I was embarrassing late which was forgiven for I was the ‘bride-to-be’ but that didn’t ease my mind at all as I panted across the museum into the cafe to find TimmyC sitting outside on a balcony with perfect panoramic views of the lake facing the National Library. Anthony, the venue manager of Broadbean Catering was super nice and didn’t even seem annoyed when he went to inform the kitchen of my late arrival. We were offered beverages but we politely declined and stuck with chilled water. A simple set up but the views made up for it.
Each dish came on its own which kept everything hot and we both were able to eat from the same plate giving our views at the same time.
Sneak peek of our meal at the National Museum.
Entrees~


Confit duck leg with roasted potato and pears and verjuice glaze. The duck was crispy and looked perfectly glazed in the pear and verjuice jus, but when I looked for the distinct duck flavours in the meat and skin, I couldn’t find it. The pear glaze was sticky and delicious but it left the potatoes rather sweet which I thought would have leant itself better towards a dessert. Comparatively to the food we had been served so far, it was a bit disappointing.
Porcini mushroom risotto cakes, with peperonata and cress salad (v). Now everything sounds good on paper but Tim and I agreed that this vegetarian dish sounded particularly good. It was perfectly executed with a wickedly delicious crispy exterior encasing an amazing risotto that I think even the non-mushroom likers would happily eat. It was served with peperonata giving it an extra bit of sweetness with every bite.
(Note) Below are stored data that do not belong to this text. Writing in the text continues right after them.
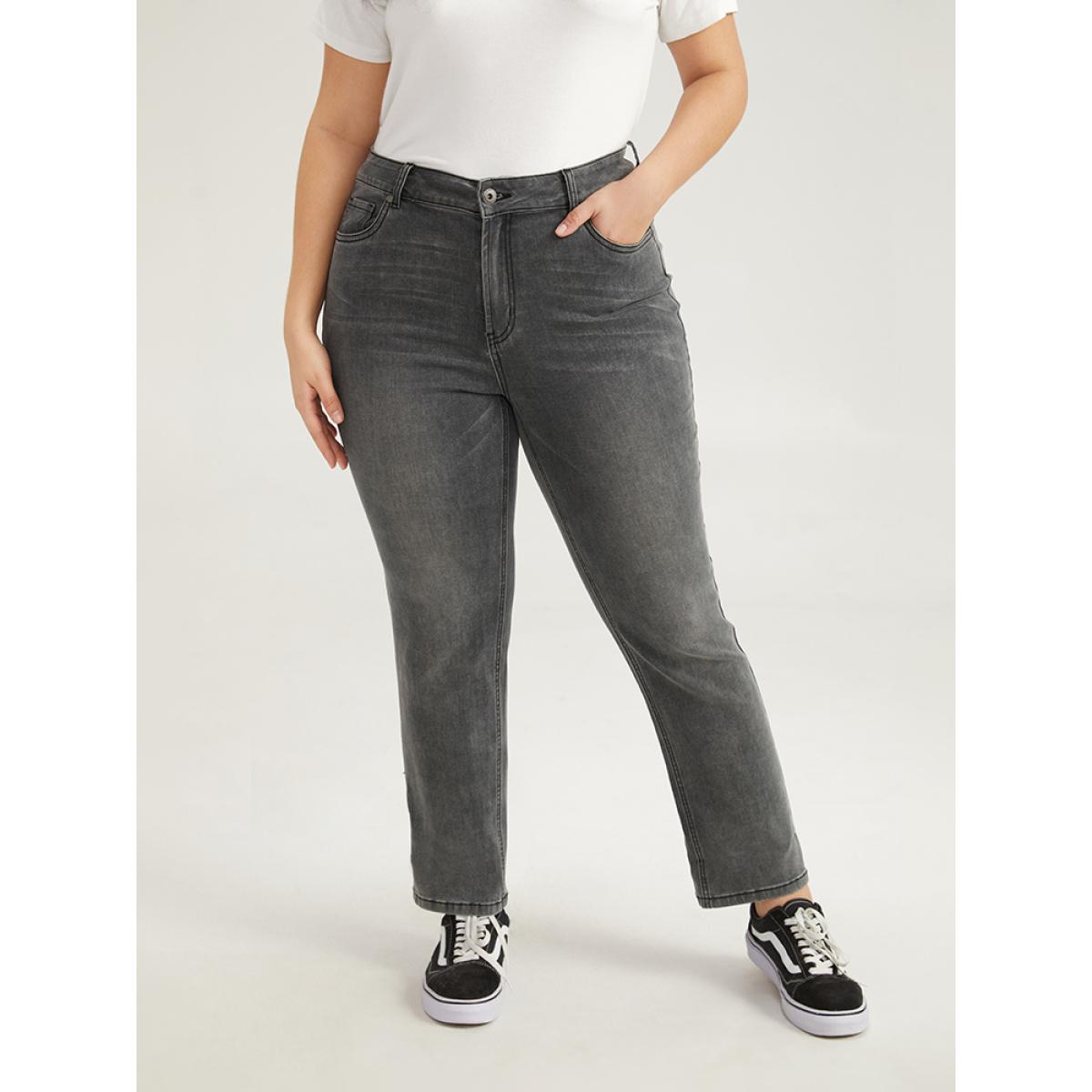 Plus Size Straight Leg Very Stretchy High Rise Dark Wash Jeans Women Gray Casual Plain High stretch Pocket Jeans BloomChic 12/L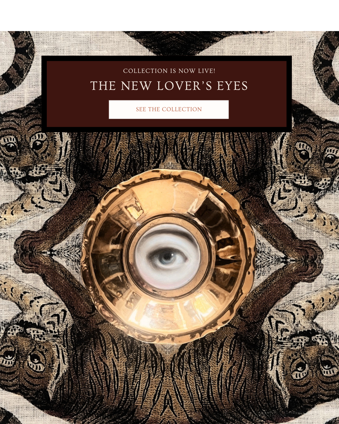 Egyptian wedjet eyes. Apotropaic evil eye talismans. Hindu and Buddhist third eyes. St. Lucy. Ex votos. Renaissance emblems. Queen Elizabeth's spy circle. Masonic symbolism. Alchemy. The All-seeing eye. Lover's eye miniatures. Curiosity cabinet eye models. Optometrist folk signs. The Countess of Castiglione. Post-war surrealism. Pop art. Pop surrealism. Embroidery art. Schiaparelli. Rebus jewelry. John Derian, Astier de Villatte, and other art-meets-homewares designers. Gucci. And many of your favorite contemporary artists.
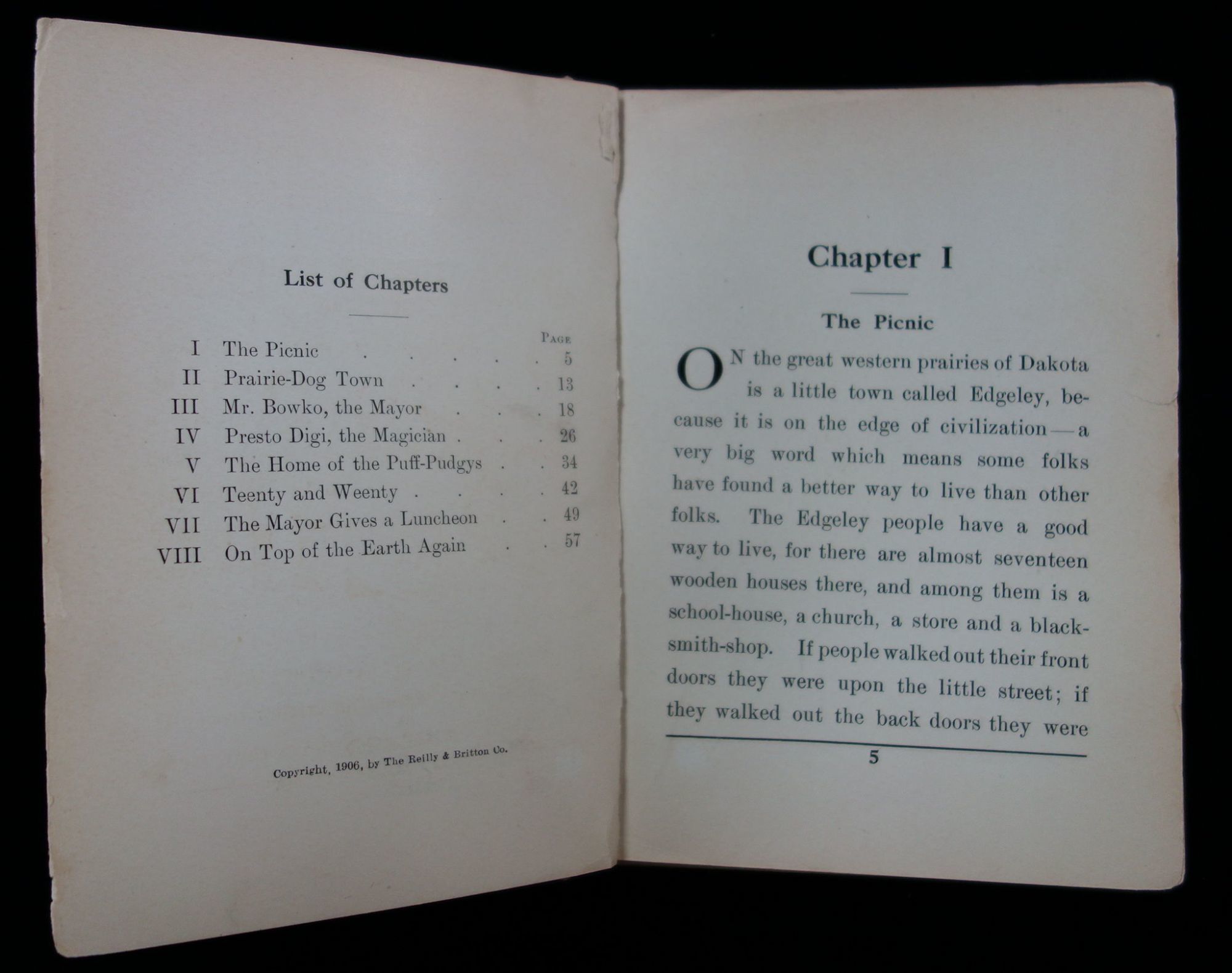 Chapters include The Picnic; Prairie-Dog Town; Mr. Bowko, the Mayor; Presto Digi, the Magician; The Home of the Puff-Pudgys; Teenty and Weenty; The Mayor Gives a Luncheon; On Top of the Earth Again.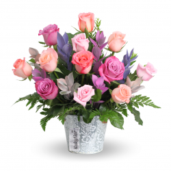 Arrangement of 12 roses in pastel tones accompanied by seasonal foliage, made in a metal planter carved with floral motifs. Includes a dedication printed on fine stationery.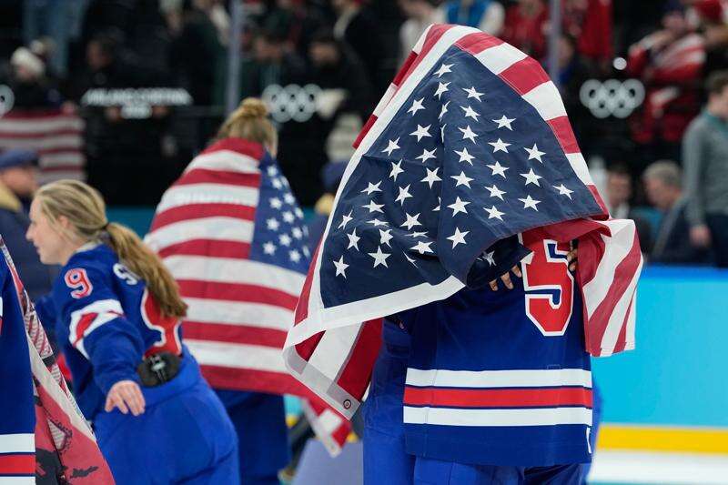 U.S. players celebrate after a semifinal match of women's ice hockey between the United States and Sweden at the 2026 Winter Olympics, in Milan, Italy, Monday, Feb. 16, 2026. (AP Photo/Petr David Josek)
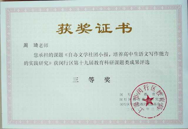 2012.03周琦----承担的课题《自办文学社团小报,培养高中生语文写作能力的实践研究》获区第19届教育科研课题类成果三等奖(证书).jpg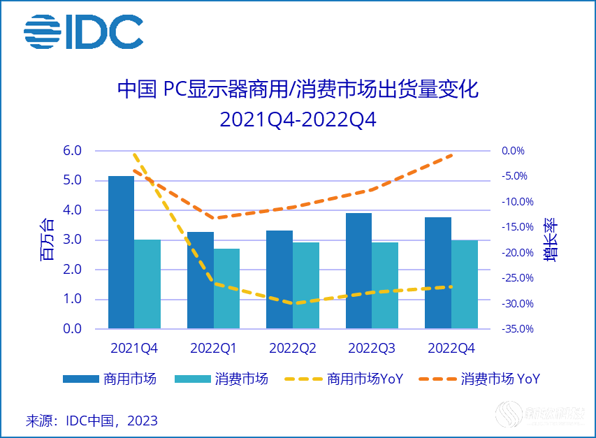 IDC最新发布的《中国PC显示器市场季度跟踪报告》显示,2022年第四季度中国PC 显示器出货量为676万台,同比下降17.1%。2022年全年出货量为2583万台,同比下降20.1%;其中消费市场同比下滑8.3%,商用市场同比下滑27.6%。终端需求疲软,全产业链承压前行。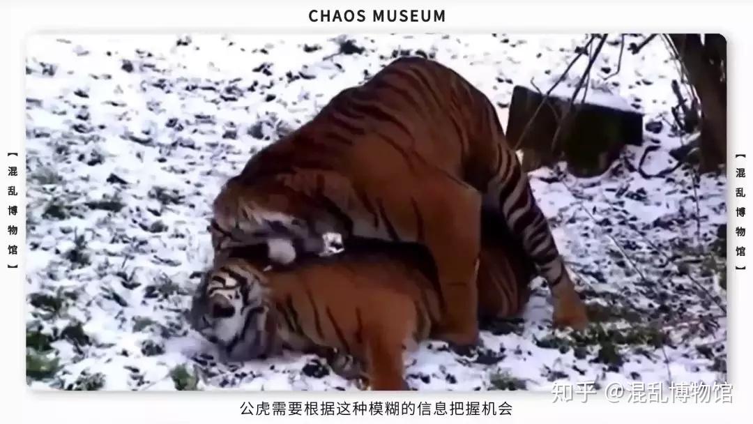 老虎的交配过程也充满了暴力。前戏是母老虎撕咬殴打公老虎。母老虎揍得爽了,才会俯身做出诱惑的姿势,在不可言说几秒钟后,立即翻脸把对方打出领地。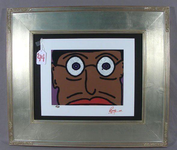 Original Serigraph on paper "Triple 000 Man Two". Hand signed Ringo and dated 2005. Publisher: Celebrity Art. Rare Limited Edition 3/100. Publishers Holographic seal, lower left. Image 14" x 17", Overall 26" x 29 1/2"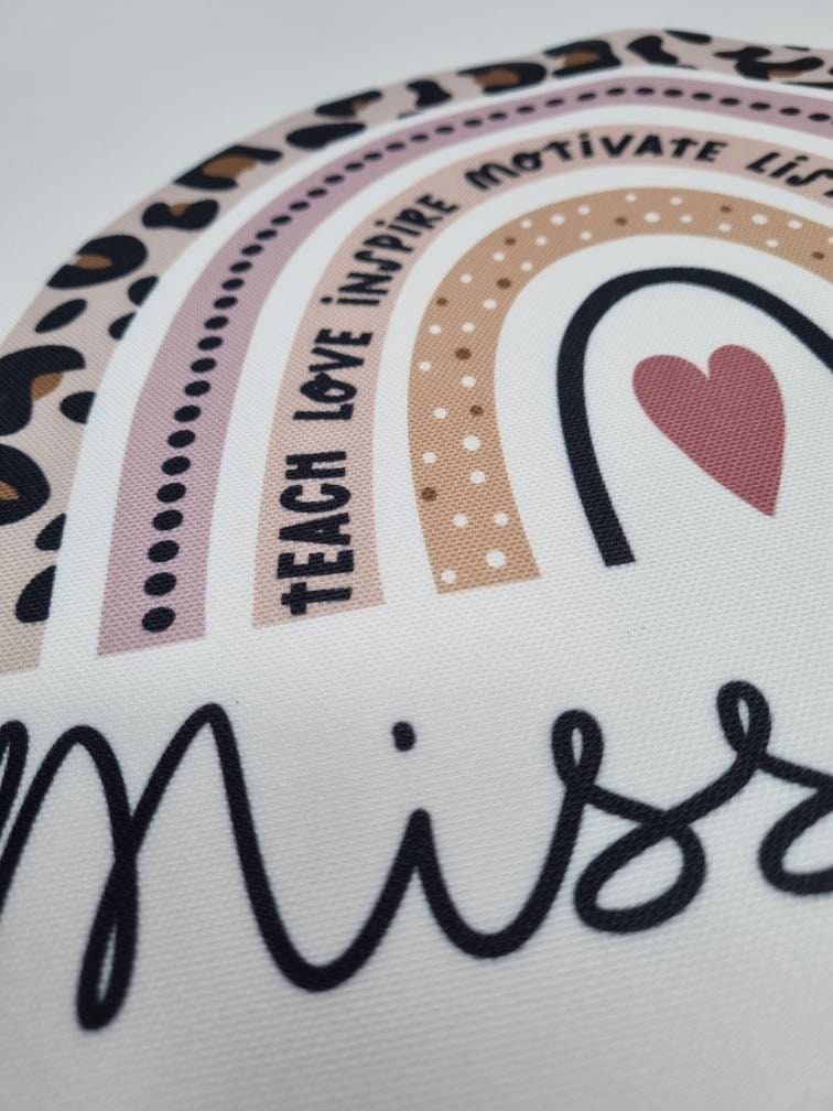 A beautiful rainbow design with the words Teach, Love, Inspire, Motivate, Listen and Encourage inside.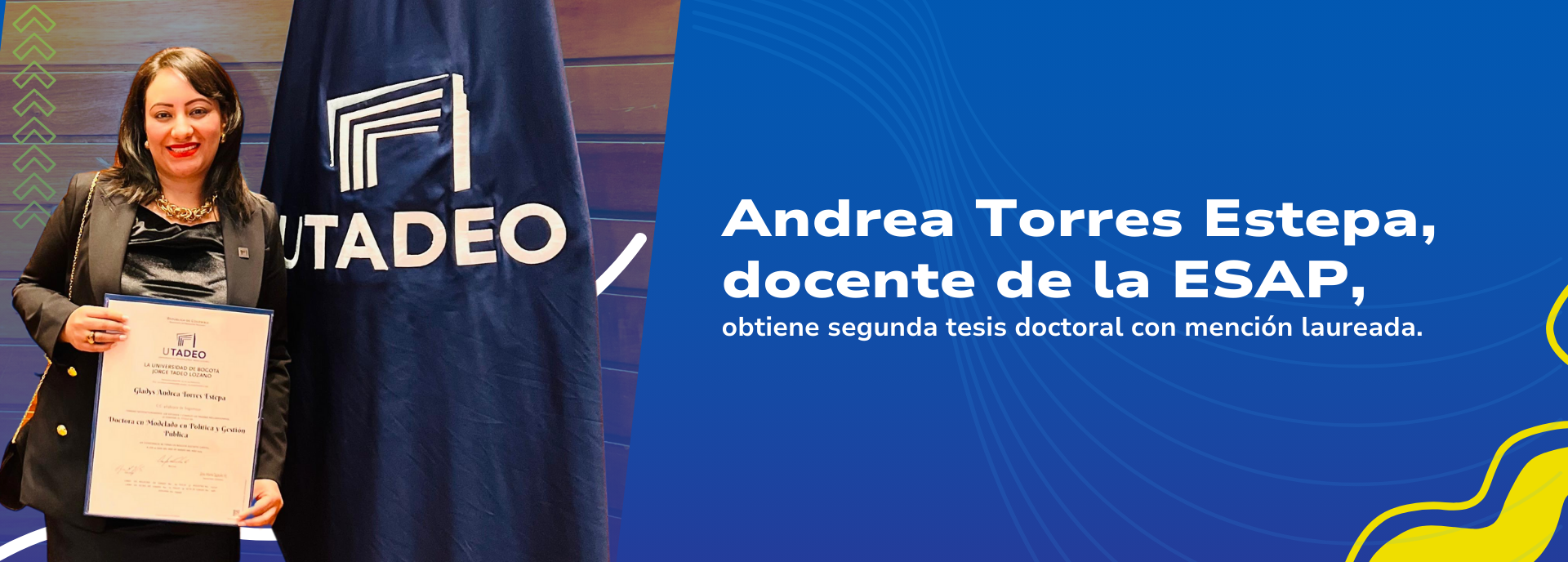 La Escuela Superior de Administración Pública (ESAP) felicita y celebra el importante logro académico de la profesora de carrera, Andrea Torres Estepa, quien ha obtenido su segunda tesis doctoral en Modelado en Política y Gestión Pública, por la Universidad Jorge Tadeo Lozano.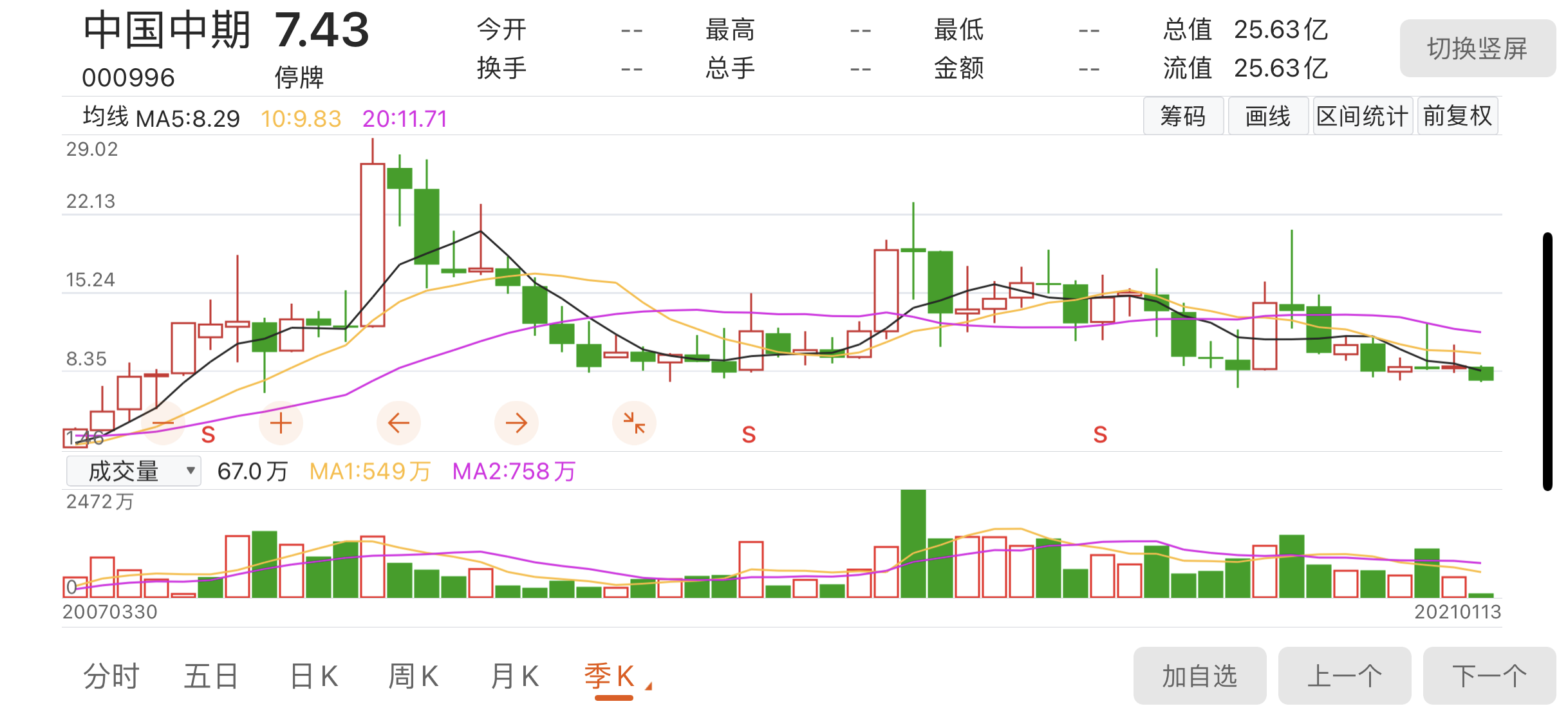 这让中国中期在资本市场的表现不太理想。界面新闻记者了解到,该公司股价最高出现是2010年3月31日的28.96元/股,此后11年股价波动下滑,截至2021年1月13日其停牌前的收盘价是7.43元/股,市值只有25.63亿元。而瑞达期货截至2021年1月14日最新市值达102亿元,南华期货最新市值逼近94亿元。

Beautiful risotto with a crispy coating.
Desserts~ The desserts were arriving as I was still eating my main portion but I didn’t mind. I continued bites of my risotto cakes between tastings of dessert which would probably disgust most people who can’t flick back and forth. TimmyC was excited as he has probably spent most of his life waiting for dessert as I finish eating so this was the best of both worlds. I couldn’t help but wonder if the dishes would have come so fast (not too rushed though) if I had arrived on time.


Potential wedding venue: National Museum of Australia
Caterer: Broadbean catering
Time of tasting: 3pm
Price of tasting: $40.00 per dish that we chose, although this would be taken off our final invoice if we chose to have our wedding here. Of course we chose three courses for two people so our total was $120.00 pp.